US 12,249,012 B2
Visual representation using post modeling feature evaluation
Xiao Ming Ma, Xi'an (CN); Wen Pei Yu, Xian (CN); Jing James Xu, Xi'an (CN); Xue Ying Zhang, Xi'an (CN); Si Er Han, Xi'an (CN); Jing Xu, Xi'an (CN); and Jun Wang, Xi'an (CN)
Assigned to INTERNATIONAL BUSINESS MACHINES CORPORATION, Armonk, NY (US)
Filed by INTERNATIONAL BUSINESS MACHINES CORPORATION, Armonk, NY (US)
Filed on Nov. 17, 2022, as Appl. No. 18/056,389.
Prior Publication US 2024/0169614 A1, May 23, 2024
Int. Cl. G06T 11/00 (2006.01); G06T 11/20 (2006.01)
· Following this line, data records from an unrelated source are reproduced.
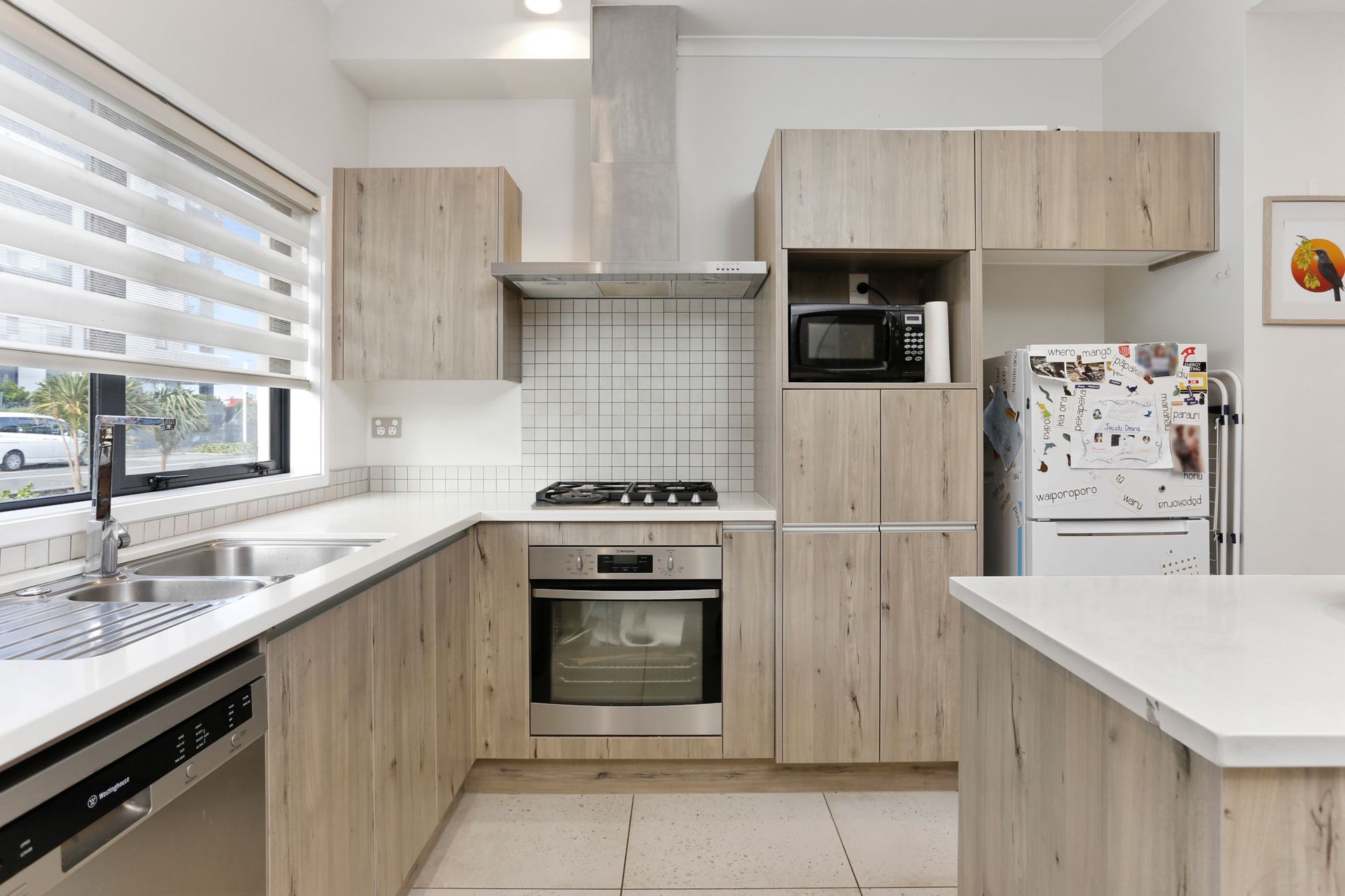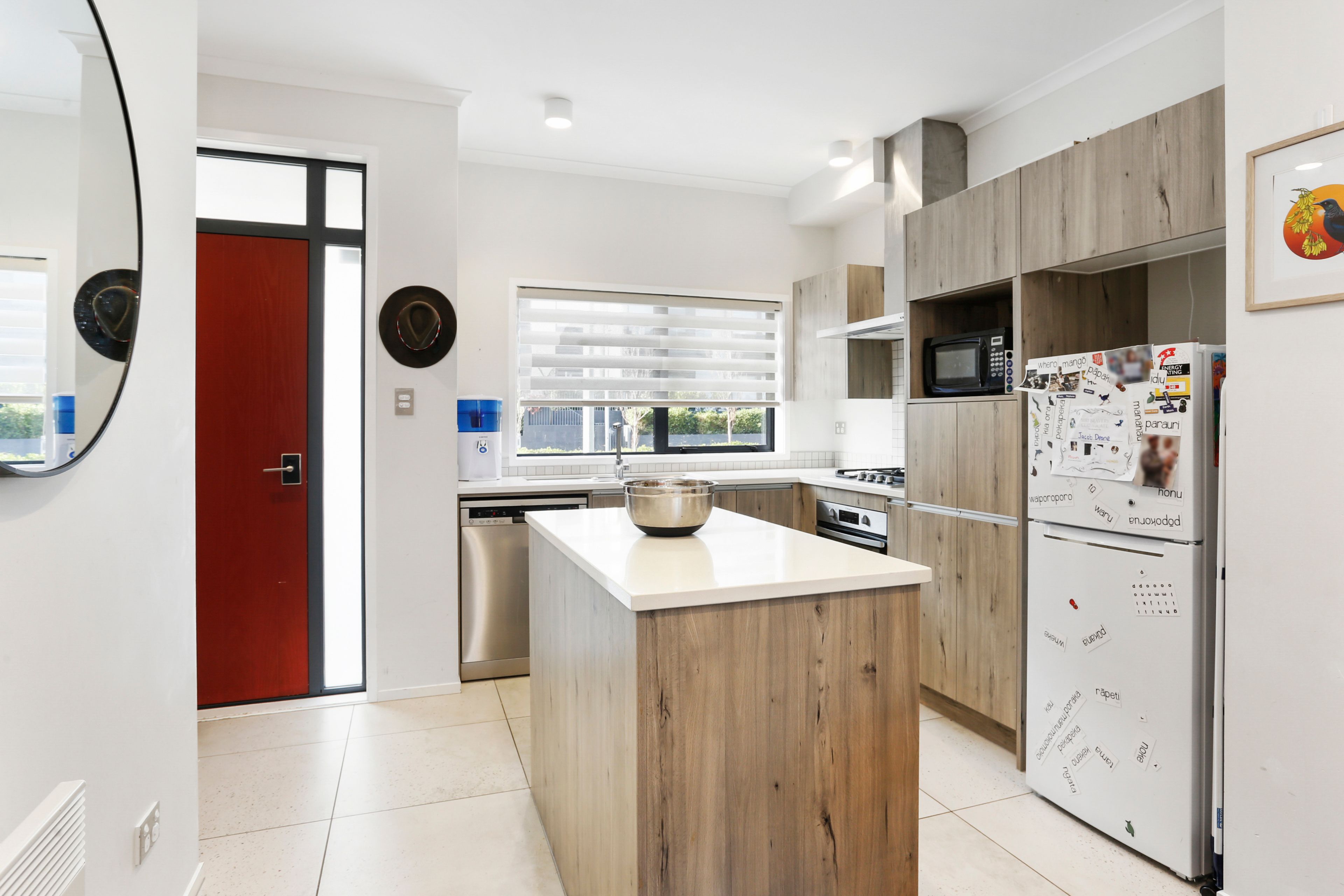 The ground level is completely open plan from the stylish and well-equipped kitchen with an island bench and engineered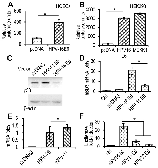 Figure 4: High-risk, but not low-risk, HPV E6 induces expression of hBD3. A. Luciferase analysis in HOECs transfected with HPV-16 E6 expression construct or a blank pcDNA3 vector together with the hBD3 luciferase reporter. Relative luciferase units represent hBD3 promoter activity after normalized with the Renilla luciferase activity using the dual-luciferase system. *, p≤ 0.05 (n=3). B. Luciferase analysis in HEK293 cells transfected with HPV-16 E6, or an MEKK expression construct together with the hBD3 luciferase reporter. *, p≤ 0.05 (n=3). C. Western blotting on p53 protein in HEK293 cells transfected with E6 expression construct of HPV-16 or -11. D. Real-time qRT-PCR of HOECs transfected with E6 expression construct of HPV-16 or -11. *, p≤ 0.05 (n=3). E. Real-time qRT-PCR of E6 mRNA of HPV-16 and -11 in HOECs transfected with respective expression constructs. Transfection with the blank pcDNA3 vector was used as a negative control. *, p≥ 0.56. F. hBD3 gene promoter reporter analysis in HOECs transfected with E6 expression construct of HPV-16, -11, or -32. *, p≤ 0.05 (n=3). Luciferase fold-induction indicates relative luciferase units of cells transfected with expression constructs compared to that transfected with the blank pcDNA3 vector (Ctrl).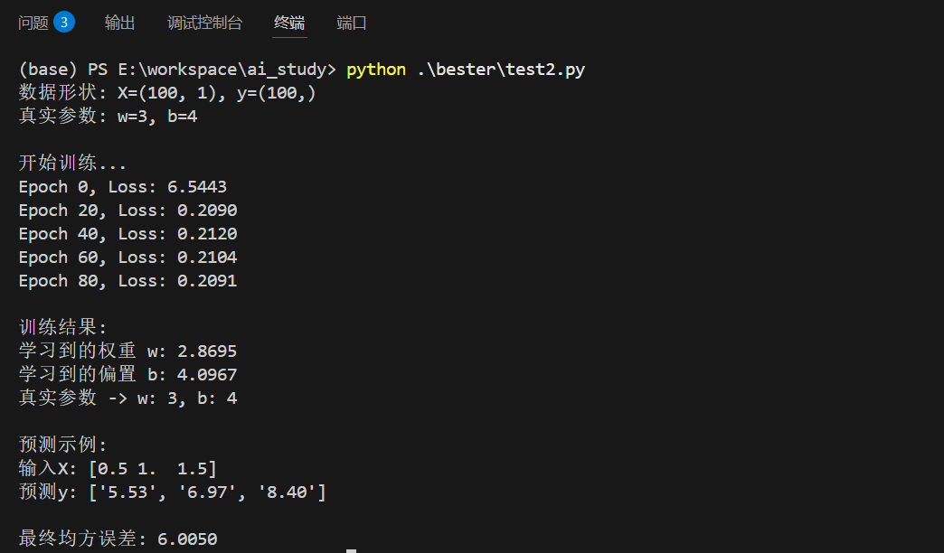 y = true_b + true_w * X + np.random.randn(100, 1) * 0.5 # 添加噪声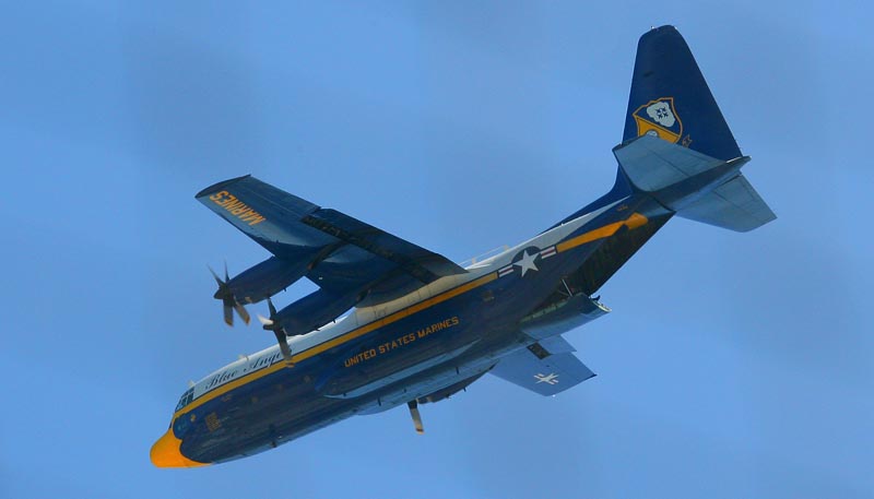 I brought my long lens for my 1Ds and the shutter speed was fast enough to freeze the props on this C130. I shot this through the netting, and it was not until I could get the photo onto a bigger screen that I saw that the cargo door of the plane was open and there was a guy sitting on the ramp. Look carefully and you can see his foot and his face in the cargo bay door area. And I thought that I had the best seats in the place!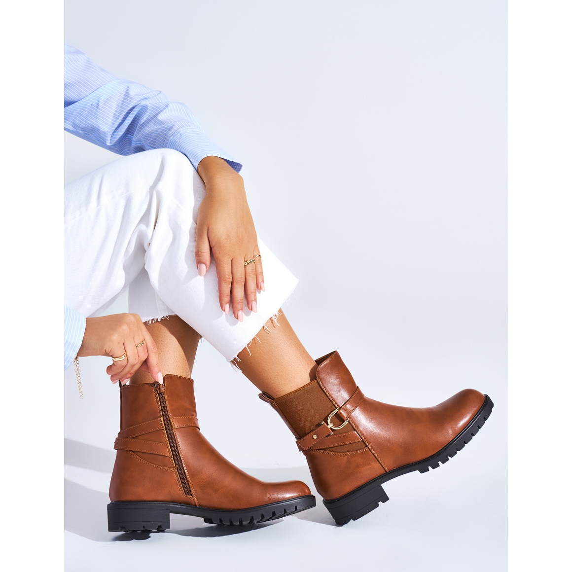 Byggd -in, Stivened Heel säkerställer stabilitet och komfort, och en slät plastsula garanterar att du kommer att känna dig säker vid varje steg. Tack vare en rund tå och en hög häl med en höjd av 3,5 cm kombinerar stövlar elegans med komfort, idealiskt lämpad för den avslappnade stilen.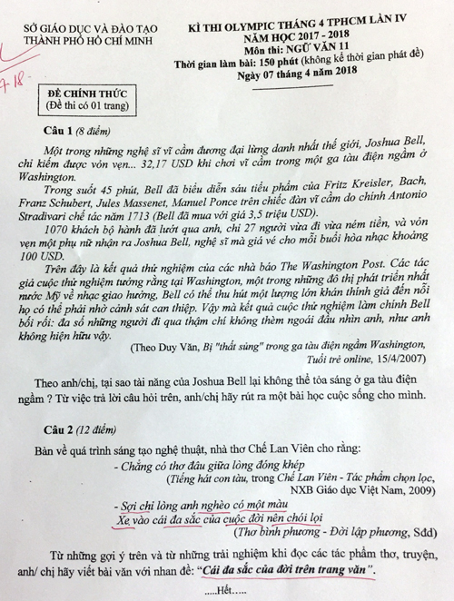 Ở khối 11, đề Văn có câu hỏi về tình huống nghệ sĩ dương cầm đương đại lừng danh Joshua Bell. Ông chỉ kiếm được hơn 32 USD khi chơi vĩ cầm tại ga tàu điện ngầm ở Washington khi làm một '”thí nghiệm”. Trong khi ở nhà hát, các buổi biểu diễn của ông luôn chật kín khán phòng.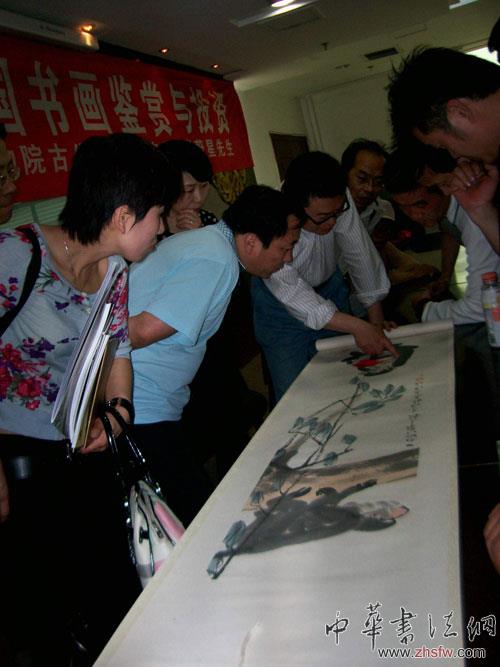 下午,聯(lián)合魯中晨報鑒寶團(tuán)進(jìn)行書畫專場鑒寶活動,年輕的書畫鑒賞家為來到現(xiàn)場參加鑒別的藏友大開眼界,他對前來鑒別的每幅畫都做了詳細(xì)的解釋,真畫為什么是真的,贗品仿到什么程度,就連誰仿的張蔚星也講得頭頭是道,這讓前來鑒別的藏友圍著張蔚星傾聽,名為鑒寶會,實際上成了一場鑒賞實踐講座?!皬埾壬m然年輕,沒想到他比一些老專家都有學(xué)問?!被概_的一名前來參加鑒別的藏友說。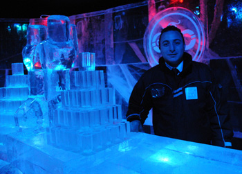这家冰雕博物馆用从瑞典运来的70吨冰雕成34种晶莹透体的景物,其中有北欧老人、手提篮子的妇人、北极熊、小鸟、驯鹿,还有船只、酒吧、小桥、会议室等。里面还用土耳其生产的100吨冰作为冰的围墙。 |
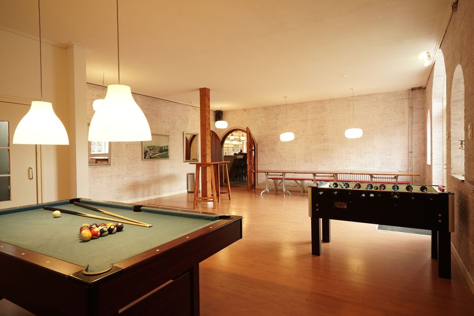 Deze groepsaccommodatie heeft een zeer ruime woonruimte met diverse zit- en eethoeken, een bar met biertap en muziek installatie evenals een openhaard. In de recreatieruimte staan een poolbiljart, tafelvoetbal en dartbord. Evenals nog meer zitgelegenheid en openslaande deuren naar het terras aan het water met overdekt terras en barbecue. Er is een speelkamer voor kinderen met diverse spelletjes, speelgoed en heel veel knuffels. De grote professionele keuken beschikt over een tienpitsfornuis, vaatwasser, diverse koelkasten en nog veel meer voorzieningen. Tevens is er op de begane grond een rolstoelvriendelijke slaapkamer met eigen badkamer. Op de eerste verdieping zijn 15 slaapkamers gerealiseerd waarvan 11 kamers beschikken over twee eenpersoonsbedden. Er is een slaapkamer met tweepersoonsbed, een vierpersoonskamer en ten slotte zijn er nog twee tienpersoonsslaapkamers met elk vijf stapelbedden. Bovendien zijn er twee kinderbedjes beschikbaar.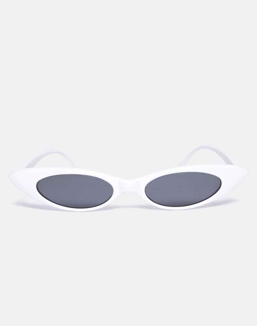 Zonnebrillen zijn dit seizoen niet meer weg te denken uit het straatbeeld, dus zorg dat je er klaar voor bent voor de zomer, vakantie of het festival. Bestrijd de schittering met de Kourt zonnebril, met een witte puntige cateye en een zakje met trekkoord.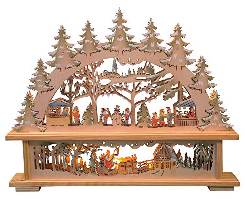yanka-style LED - Schwibbogen Lichterbogen mit Unterstellbank Weihnachtsmarkt farbig innenbeleuchtet Weihnachten Advent Geschenk Dekoration (20631)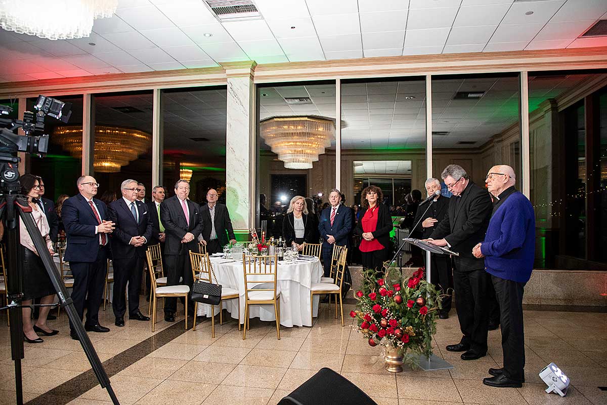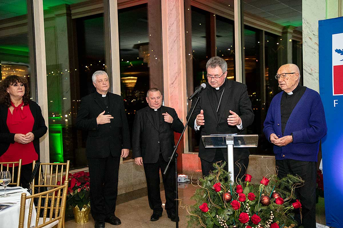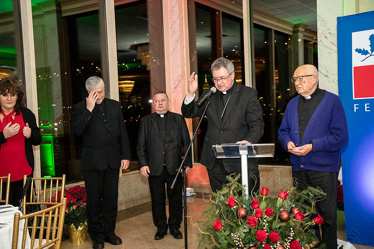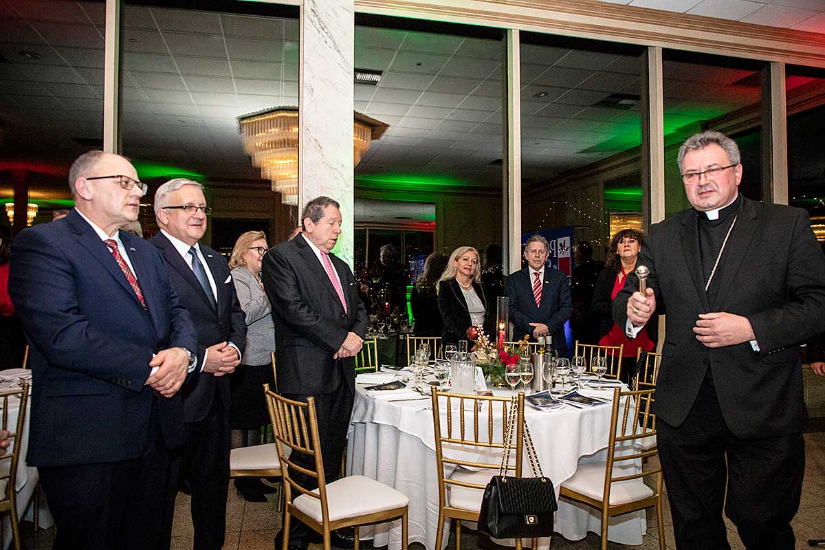 Następnie ksiądz Biskup Witold Mroziewski w otoczeniu księży z parafii Kościoła Św. Stanisława Kostki na Greenpoincie, proboszcza Grzegorza Markulaka CM i księdza Józefa Szpilskiego CM oraz Kościoła Św. Cyryla i Metodego, księdza Jana Szylara, CM, odmówił modlitwę i poświęcił opłatki leżące na stołach.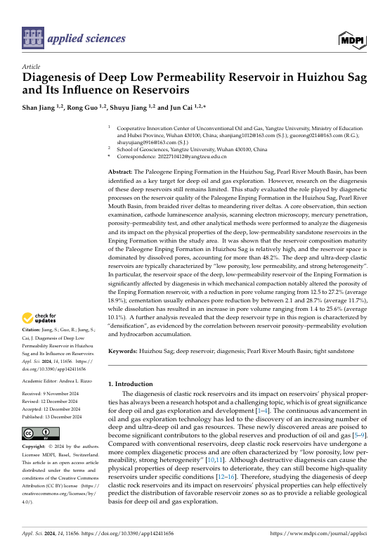 澳门十大网投正规官网平台地质学专业硕士生姜珊在SCI收录期刊《Applied Sciences》上发表题“Diagenesis of Deep Low Permeability Reservoir in Huizhou Sag and Its Influence on Reservoir”的研究论文。澳门十大网投正规官网平台为论文第一署名单位,硕士生姜珊为论文第一作者,其导师蔡俊副教授为通讯作者。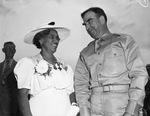 Brigadier General Joseph Atkins, chief of staff of the Third Army, welcomes Mrs. Antonio Barkeley, mother of David Barkeley after whom the present home of the 45th Division is named. Mrs. Barkeley is wearing a dress and a sunhat. A flower is pinned to her dress near the neckline. General Atkins is wearing his military uniform. An unidentified man is standing in the background at the far left.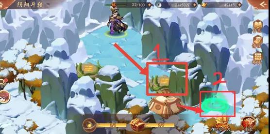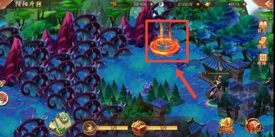 接下来按照如下图箭头的方向,攻打敌军后,按照原有的方向,继续向下前行,可以看到红色画圈处的第一个地图跳转阵眼,进入阵眼,顺利传送至下一张地图。
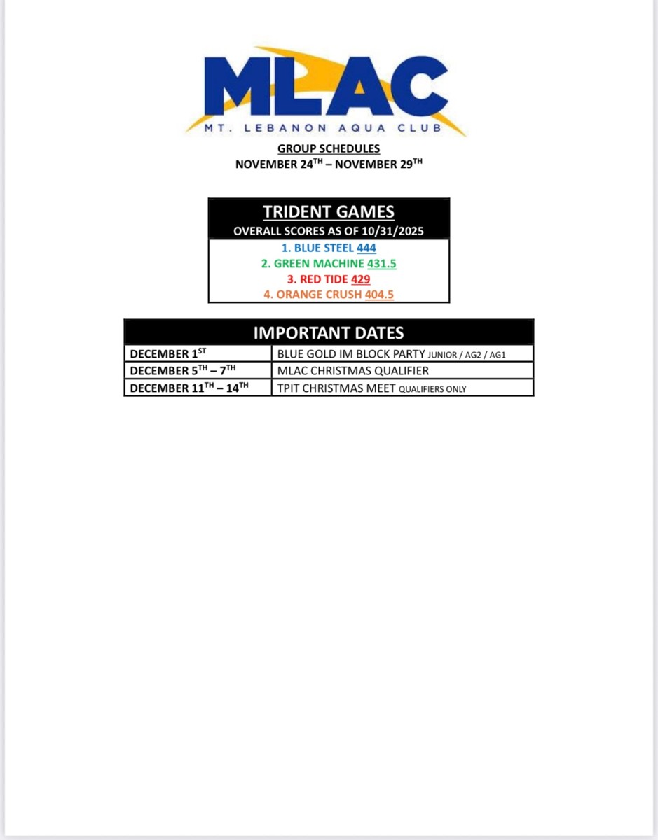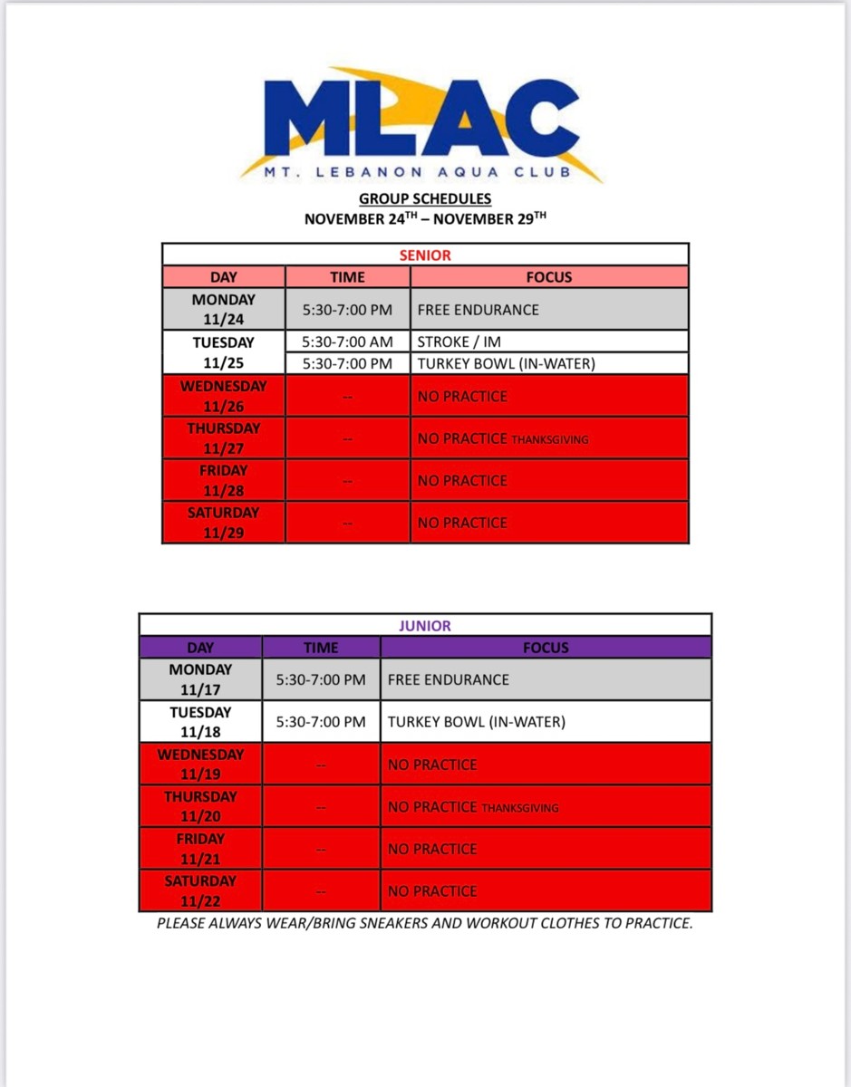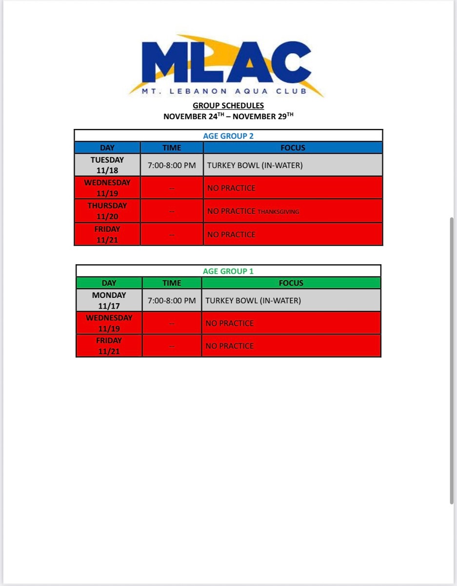 Attached you will find the full pool schedule for all MLAC groups. As you find your group label, you will see the general focus for each practice. This will give some insight into our coaching staff’s plan for the week and help you prepare accordingly. Schedules can also be found on the MLAC Home Page >> SportsEngine tab >> scroll down to “Latest News”

CPC G06T 11/206 (2013.01) 20 Claims
OG exemplary drawing
 
1. A method for post-modeling feature evaluation, comprising:
obtaining at least one post model visual output and associated data, wherein said visual output includes at least an individual conditional expectation (ICE) plot and a partial dependence (PDP) plot; wherein an ICE plot provides a target value of a particular instance that corresponds to a change in a feature value, and a PDP plot provides a dependency correlation between one or more features on a target value;
using said associated data and said plots, providing a future importance (PI) plot; wherein said PI plot includes a plurality of input values indicating a relative contribution of a dataset on a future generated prediction;
determining a plurality of features for each PI, PDP and ICE plots to calculate at least one Interesting Value for each plot;
determining a turning point (TP) associated with the PDP and ICE plots, wherein said TP is identified by a starting point of a decrease or alternatively an increase on each of said PDP and ICE plots;
calculating an overall score for each plurality of features based and their associated Interesting Values for each PDP, ICE and PI plots and by values associated with the TP;
selecting at least one top feature based on said scores; and
generating a final plot by combining PI, PDP and ICE plots based on said at least one top feature.